> **What is needed**: In the listing below, the lines starting at the line with "Hatóanyaga: 0,05% Chrysanthemum" and ending at the line with "Per una maggiore" are to be output verbatim. Images stay out of the copy.

> **Data shown**:

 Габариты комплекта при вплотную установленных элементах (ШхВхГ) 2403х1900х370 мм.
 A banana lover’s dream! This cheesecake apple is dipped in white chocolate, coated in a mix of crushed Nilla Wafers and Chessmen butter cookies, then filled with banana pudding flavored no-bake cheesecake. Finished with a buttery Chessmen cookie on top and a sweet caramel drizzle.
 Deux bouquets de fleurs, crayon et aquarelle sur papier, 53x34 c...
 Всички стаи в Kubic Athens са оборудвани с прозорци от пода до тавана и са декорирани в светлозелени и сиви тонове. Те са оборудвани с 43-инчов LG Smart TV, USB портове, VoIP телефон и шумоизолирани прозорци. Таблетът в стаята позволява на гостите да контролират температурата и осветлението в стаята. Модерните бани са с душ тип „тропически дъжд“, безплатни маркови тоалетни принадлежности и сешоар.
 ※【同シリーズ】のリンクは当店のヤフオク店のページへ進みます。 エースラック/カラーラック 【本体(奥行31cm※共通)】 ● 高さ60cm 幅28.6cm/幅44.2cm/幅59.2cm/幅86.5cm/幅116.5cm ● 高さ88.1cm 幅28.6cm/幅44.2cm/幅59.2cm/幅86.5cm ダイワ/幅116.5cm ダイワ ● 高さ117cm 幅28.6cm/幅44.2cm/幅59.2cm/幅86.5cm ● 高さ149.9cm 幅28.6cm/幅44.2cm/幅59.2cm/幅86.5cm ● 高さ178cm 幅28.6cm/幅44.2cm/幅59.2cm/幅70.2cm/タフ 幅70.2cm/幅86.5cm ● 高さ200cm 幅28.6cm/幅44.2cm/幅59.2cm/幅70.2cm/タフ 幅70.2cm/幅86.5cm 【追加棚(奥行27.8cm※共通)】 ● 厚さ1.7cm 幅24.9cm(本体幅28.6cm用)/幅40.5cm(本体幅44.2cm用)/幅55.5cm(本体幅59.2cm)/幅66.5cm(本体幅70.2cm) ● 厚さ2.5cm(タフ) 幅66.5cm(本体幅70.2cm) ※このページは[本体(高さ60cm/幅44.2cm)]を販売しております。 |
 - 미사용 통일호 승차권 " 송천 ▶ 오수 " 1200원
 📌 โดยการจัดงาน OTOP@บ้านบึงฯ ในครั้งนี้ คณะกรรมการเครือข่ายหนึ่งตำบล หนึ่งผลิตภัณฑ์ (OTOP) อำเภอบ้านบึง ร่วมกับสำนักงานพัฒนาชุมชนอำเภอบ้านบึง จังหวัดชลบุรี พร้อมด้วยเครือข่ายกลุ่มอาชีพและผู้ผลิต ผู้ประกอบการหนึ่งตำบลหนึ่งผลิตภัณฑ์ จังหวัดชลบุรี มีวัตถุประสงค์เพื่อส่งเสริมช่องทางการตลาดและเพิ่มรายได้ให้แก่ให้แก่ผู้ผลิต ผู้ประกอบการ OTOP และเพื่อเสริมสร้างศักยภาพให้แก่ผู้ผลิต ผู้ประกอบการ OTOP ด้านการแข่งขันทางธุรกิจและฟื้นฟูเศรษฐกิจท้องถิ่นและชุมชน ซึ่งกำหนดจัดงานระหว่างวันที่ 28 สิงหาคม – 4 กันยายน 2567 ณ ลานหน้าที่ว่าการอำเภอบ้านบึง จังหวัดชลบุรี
==
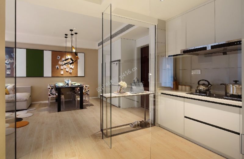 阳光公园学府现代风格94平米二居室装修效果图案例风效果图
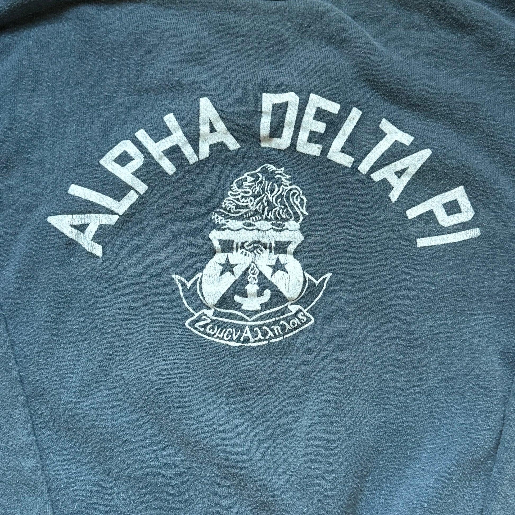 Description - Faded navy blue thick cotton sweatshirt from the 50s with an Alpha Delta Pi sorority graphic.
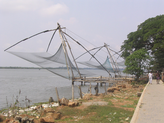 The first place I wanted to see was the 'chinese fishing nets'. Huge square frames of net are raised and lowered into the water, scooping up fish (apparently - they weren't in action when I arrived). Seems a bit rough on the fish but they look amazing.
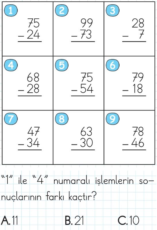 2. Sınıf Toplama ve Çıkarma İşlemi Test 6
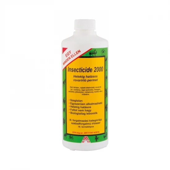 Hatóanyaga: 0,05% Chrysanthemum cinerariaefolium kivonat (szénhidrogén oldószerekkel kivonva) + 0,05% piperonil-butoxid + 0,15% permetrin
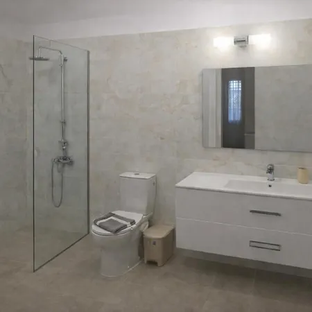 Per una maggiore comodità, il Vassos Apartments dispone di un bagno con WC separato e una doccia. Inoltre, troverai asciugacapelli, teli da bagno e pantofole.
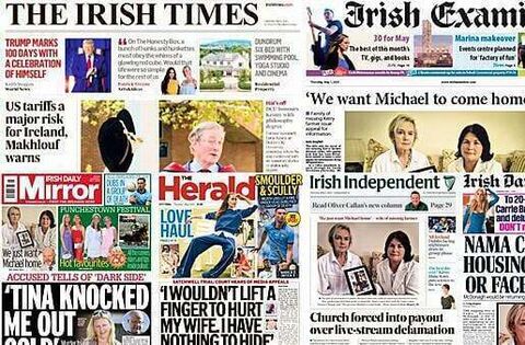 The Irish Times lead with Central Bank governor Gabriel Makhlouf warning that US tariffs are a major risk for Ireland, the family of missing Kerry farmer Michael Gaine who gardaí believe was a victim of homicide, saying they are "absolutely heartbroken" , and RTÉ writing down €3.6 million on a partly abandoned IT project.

> **Reply to the task**:
 Hatóanyaga: 0,05% Chrysanthemum cinerariaefolium kivonat (szénhidrogén oldószerekkel kivonva) + 0,05% piperonil-butoxid + 0,15% permetrin
 Per una maggiore comodità, il Vassos Apartments dispone di un bagno con WC separato e una doccia. Inoltre, troverai asciugacapelli, teli da bagno e pantofole.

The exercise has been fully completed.